Spojrzałam na niego nieufnie.
-Jest weterynarzem, więc może ci pomóc. W takim stanie nie zawieziemy cię do szpitala.
Niechętnie zgodziłam się i oddałam mu opatrunek, którym uciskałam ranę.
-Dany przynieś sok, musimy zapobiec szokowi- kazał swojemu towarzyszowi.
Zaśmiałam się w myślach, słysząc jego słowa. Przecież nie wykrwawiam się, a jedynie muszę opatrzyć draśnięcie.
-W apteczce mam krwawnik, rdest ptasi i werbenę- mruknęłam.
-Co takiego?- spytał Dany, podając mi sok. Dostrzegłam wdzięczność w spojrzeniu weterynarza.
Upiłam łyk. Sok był taki dobry, a w dodatku uspokoił moje wnętrzności.

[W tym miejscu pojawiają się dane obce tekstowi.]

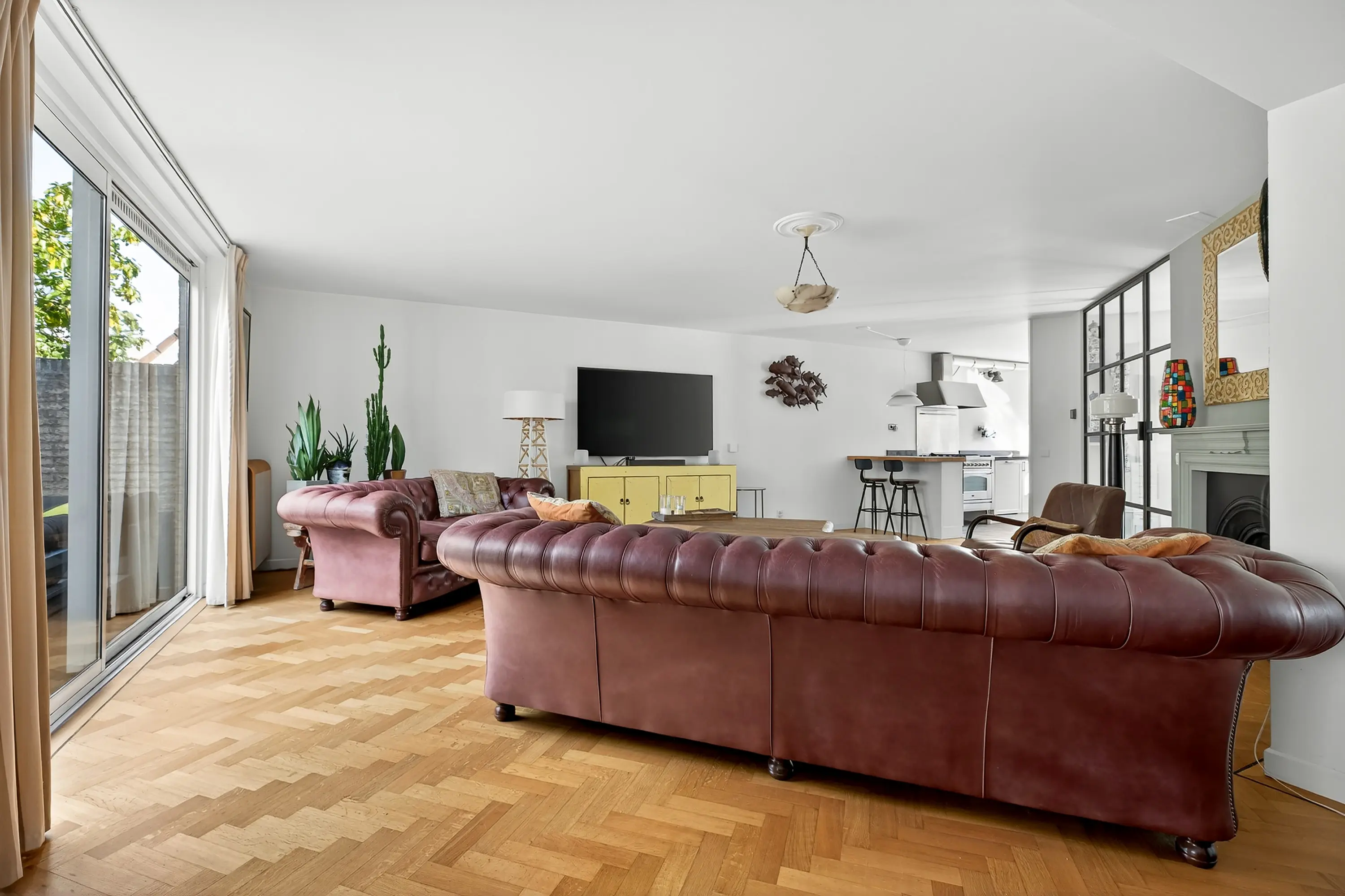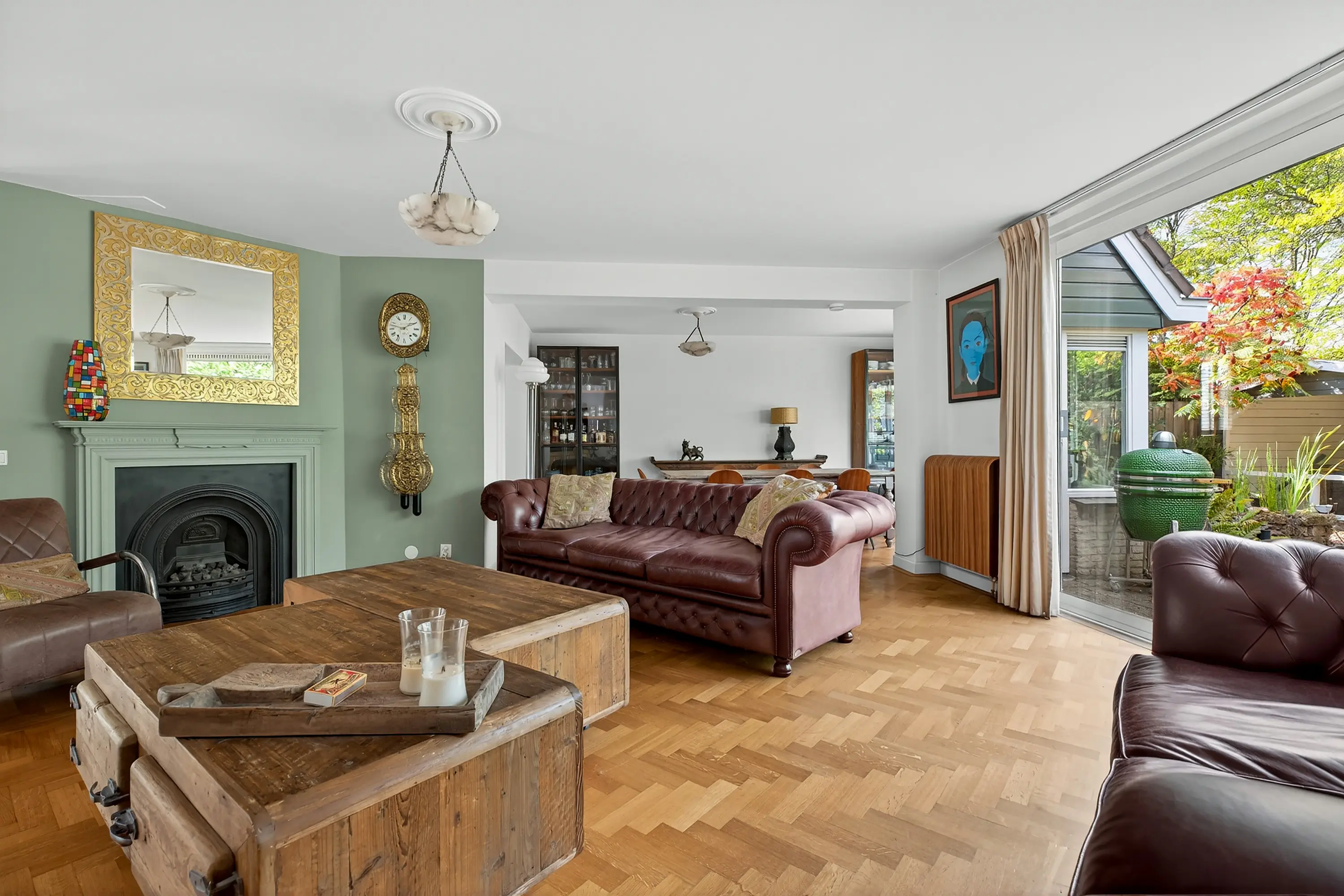- Speelse indeling met tuinkamer, werkkamer en visgraat parketvloer

-Krwawnik działa przeciwkrwotoczne i przeciwzapalne, rdest ptasi przyspiesza gojenie się ran, a werbena jest przeciwbólowa- wyliczyłam i upiłam potężny łyk soku.
-Stary, może ona sama powinna się opatrzyć- mruknął speszony.
– Po prostu wyjmij z apteczki lawendowy woreczek, wyjmij cztery liście i zgnieć je. Użyj jodyny, czerwona buteleczka, oczyszczając mi ranę, a potem nanieś na nią miazgę z rdestu ptasiego i opatrz- wyjaśniłam spokojnym głosem, zdając sobie sprawę, że to Dany jest starszy, a mój lekarz może mieć nie więcej jak dwadzieścia lat. Aby się uspokoić, wypiłam małymi łykami zawartość butelki.
-Powinniśmy zawieść cię do szpitala- mruknął Dany.
-Nie widzę takiej potrzeby- mruknęłam, oglądając swoją koszulę. Zwinęłam ją w kłębek i postanowiłam wyprać oraz zaszyć przy najbliższej okazji. Ostrożnie założyłam bluzę, uważając na opatrunek.
-To, chociaż pozwól nam cię podwieźć- wtrącił się weterynarz.- Potrąciłem cię.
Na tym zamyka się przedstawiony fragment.